* add_co(a,a) and shiftl_co(a,1) are identical.  Affects m68k, x86, pyr, etc.

* Try "subcc %g0,s1,%g0" on SPARC?

* Adding the bsfl instruction revealed a deficiency: We can't deal with
  instructions that give an undefined result for some inputs.  This is so
  because the sequences might fail to work only when the undefined result
  happen to become a certain value.  To cope with this, we have to make
  test_sequence try lots of values, but it can only do that if it knows
  about these instructions.

* Now we require equality between a computed goal value and a computed
  result.  Permit fuzzier function, like "something negative".  E.g., a
  fuzzy sgn function might be useful.

* Most importantly: Generalize the class of possible goal functions.  Allow
  them to be any mapping from a vector of words to another vector of words,
  each of arbitrary length.

  To make it fast, record after each instruction if it generates a value
  that is in (the vector) goal_value, and prune a sequence if it has not
  produced N-M requested values when M more instructions are allowed [N the
  number of words in goal_value].

  We should split `synth'.  The leaf search `synth' function could be
  written like currently, but with the leaf-test "if (allowed_cost > 0)"
  removed.  The non-leaf `synth' need to loop and look for the generated
  value in goal_value.  To avoid massive code replication, we have to put
  the synth function in a separate file, and play with cpp and #include.

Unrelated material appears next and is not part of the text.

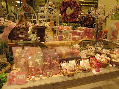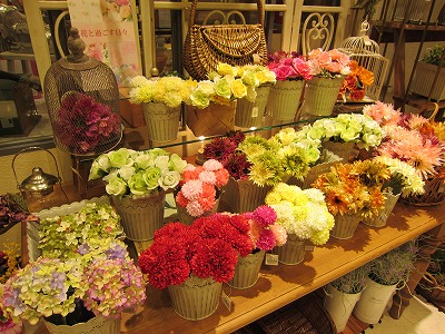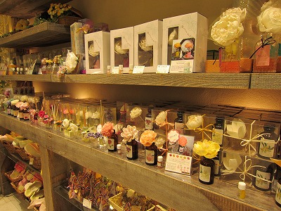 たくさんのアートフラワーやポプリ、香りの花たちが店頭を彩っています。

  Make sure to handle the case were you find all values before the last
  instruction.  This might be non-trivial!  We know that we have to use the
  value from the ultimate instruction, otherwise we would have found this
  sequence before.  Problem is, we will either have to loop and look for
  the value in goal_value, or, probably much better, just accept the
  sequence.

* Add -test-on-cpu option triggering a mechanism for testing the generated
  sequences on the real hardware.  That would help debug the simulation
  code.

* I'd like to have a means to define that a goal function is not defined
  for all possible input values.  An extra parameter, ALLOWED_ARGUMENTS, to
  DEF_GOAL could take care of that.

  Also I'd like the user to have the possibility to add a list of immediate
  values to try for each goal function.  For example, 31 and 32 could be
  useful for ffs.

* Make it possible to handle more immediate values, for example by putting
  them in the immediate_val array.

* Interpret goal functions so the user doesn't need to recompile.
  Interpretation would make goal function evaluation slower than it is now,
  but goal function evaluation is not critical.

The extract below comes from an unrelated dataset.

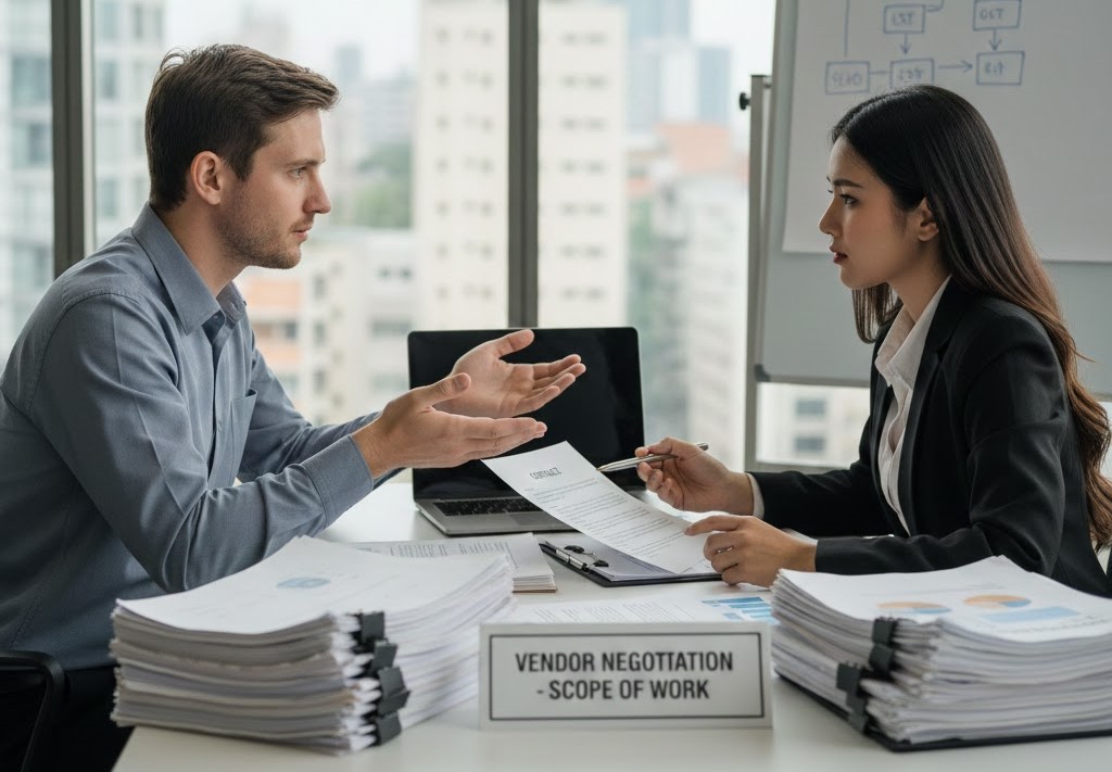 Kesalahan lain adalah menganggap bahwa semua hal yang tidak tertulis otomatis tidak menjadi tanggung jawab vendor. Dalam praktiknya, pengguna jasa kerap menganggap hal-hal “wajar” sebagai bagian dari pekerjaan, meskipun tidak tertulis secara rinci. Jika vendor tidak mengklarifikasi sejak awal, perbedaan persepsi ini akan muncul di tengah proyek dan berujung pada konflik. Di sinilah pentingnya negosiasi lingkup pekerjaan sebagai forum untuk menyamakan persepsi sebelum kontrak mengikat secara hukum.

* Add code to algebraically prove that generated sequences are correct.

* Add bsrl/bsfl and bfffo to CISC synth.

* Check that PERFORM_CLZ works like RS/6000's cntlz and 29k's clz.  Is it
  ok for input == 0?

* A major speed improvement would be to make independent insn have a
  canonical order.  Consider `gts' on the SPARC.  This is probably not very
  hard, if insns are enumerated in some clever way and loop variables are
  passed down.  A very simple but potentially quite powerful mechanism: If
  the putative instruction doesn't depend on the last instruction, compare
  the putative instruction's opcode with the last instruction's opcode, and
  proceed iff, say, the < relation holds.

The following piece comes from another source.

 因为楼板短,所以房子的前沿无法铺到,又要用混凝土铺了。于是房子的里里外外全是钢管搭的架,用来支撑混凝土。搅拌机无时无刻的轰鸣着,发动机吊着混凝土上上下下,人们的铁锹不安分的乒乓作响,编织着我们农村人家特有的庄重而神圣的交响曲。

  After an instruction that sets carry (and there is another instruction
  with the same effect apart from that it doesn't affect carry), the
  generated carry has to be used.  [Fix this with a reservation vector
  --allow both making and deleting a reservation.  Make reservation when
  carry is generated and delete it when it is used.]  The leaf instructions
  have to input carry if an unused carry is pending.

  Make sure all computed values are used by subsequent instructions.  For
  example, if we have just two more values to compute and three yet unused
  values, the last two instructions have to restrict their input operands.

* Efficient pruning of sequences not using generated resources:

  Each generated instruction should record it's computed 'resources' in a
  list of unused resources.  (A written register is such a resource, and the
  carry flag is such a resource.)  When a resource is used by an
  instruction, it's removed from the data base.

  At each recursion, we check that the unused resources can be consumed
  with the allowed number of instructions.  If not, we back-track.

  Beware: A resource is not 'consumed' when it has been used.  I have seen
  optimal sequences that uses a generated carry more than once.

* Shift 32 steps on 68k is well-defined.  LSHIFTR_CO can be used to zero a
  word and simultaneously move the sign bit to the X flag, ASHIFTR_CO can
  be used to propagate the sign bit to the whole word and to the X flag.
  Useful?

* Model the exact timing, i.e., instruction overlap, superscalar issue,
  etc.  Requires modelling the CPU internal function units.

* `386: bt, clc, cmc, cdq[0->1], lea, shld, shrd, stc.

* Make the instruction description cleaner.  Something of this kind would
  be great:

  88k:
	{ADD,		"addu		%d{r},%1{r,0},%2{r,[0-FFFF]}"},
	{ADD_CI,	"addu.ci	%d{r},%1{r,0},%2{r,[0-FFFF]}"},
	...

  sparc:
	{ADD,		"add		%1{r,0},%2{r,[-1000,+FFF]},%d{r}"},
	{ADD_CI,	"addx		%1{r,0},%2{r,[-1000,+FFF]},%d{r}"},
	...

  We would need a tool to extract the information and generate a 'synth'
  function.  (That instruction description format would be useful to
  assemblers, disassemblers, and simulators too.)

* Include a 'synth' function for several targets in one gso binary.  Have a
  command line option -t<target> select which one to use.